Chiuri’s designs are always deeply connected to art, and here she looked to the Vienna Secession, the early 20th-century movement that sought to dissolve the boundaries between fine and applied arts. She also drew inspiration from Histoire d’Eau, a Jacques de Bascher-directed short commissioned by Lagerfeld to introduce Fendi’s first ready-to-wear collection for spring 1977. A playful riff on the 1975 erotic drama Histoire d’O—and now widely considered the first fashion film—it follows model Susy Dyson as she frolics in fountains around Rome. For those watching the livestream, Chiuri offered a contemporary counterpart: Love Monster, an original short by Italian actor and filmmaker Valeria Golino featuring a Fendi-clad couple (Leila George and Pietro Castellitto) gazing longingly at each other in front of a Cy Twombly painting in GMAC and making out in the surrounding Villa Borghese gardens.
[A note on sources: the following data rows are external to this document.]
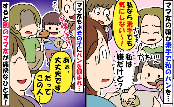自分の娘がパン屋で手掴みしても叱らないママ。しかし自分も手掴みされ…すると別のママが痛快な一撃!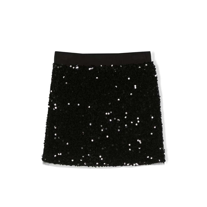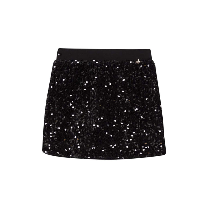 Miss Blumarine black sequin mini skirt with a tulle attached inside for a ball look. The skirt is perfect for a shiny and glitter theme party and can be paired with a feather tee or a sequin tee.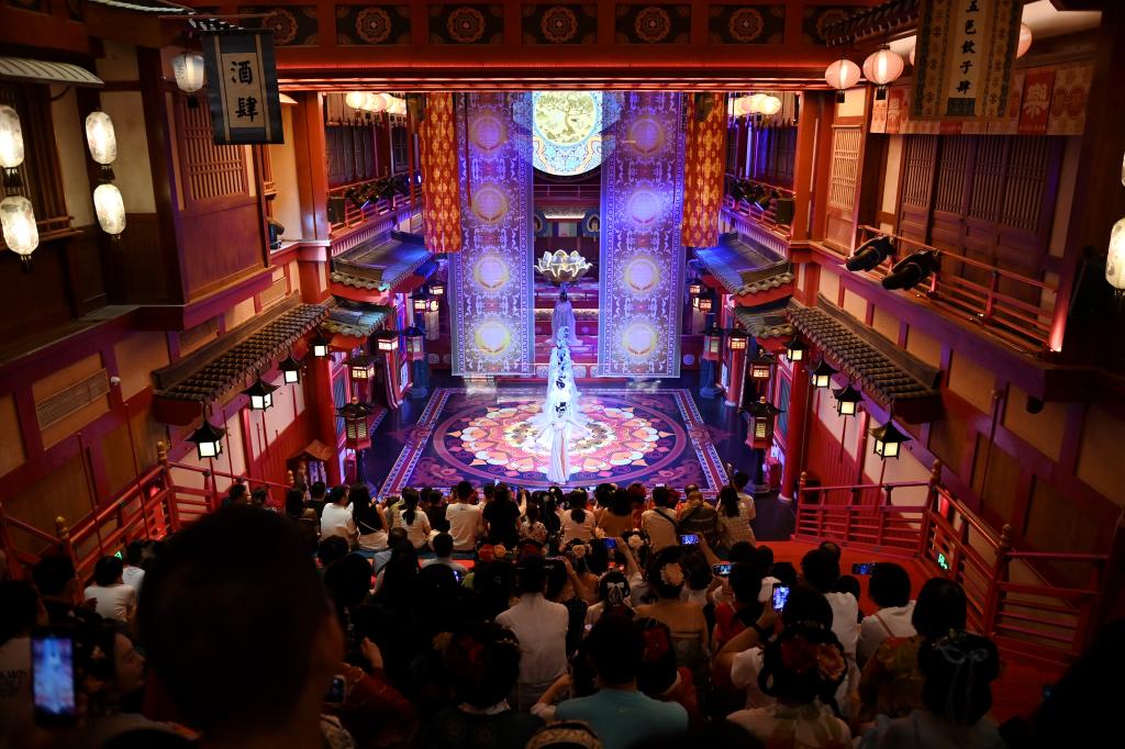 2024年5月12日,游客在西安长安十二时辰主题街区内观看演出。新华社记者李一博 摄

At the museum, the striped chiffon caftan styled with delicate fur-trimmed heels seen in the film was the first look to hit the runway. Inspired by a reform dress created to free women from corsets by Emilie Flöge, the Austrian designer and Vienna Secession associate whose legacy is often reduced to her role as Gustav Klimt’s muse, Chiuri’s version felt like a century-old idea renewed. It glided sensually over the body, setting the tone for a collection of grain de poudre kimono tailoring and fluid velvet gowns that seemed determined to strip couture of its traditional architecture. Fur, as in the fall ready-to-wear collection, was entirely upcycled, appearing mostly as trims and featherlight outerwear, including a striped coat held together by strips of tulle. As a coda to a Paris couture week where designers often competed through excess, Chiuri’s easy elegance was a reminder that haute couture actually means “high craft,” not spectacle.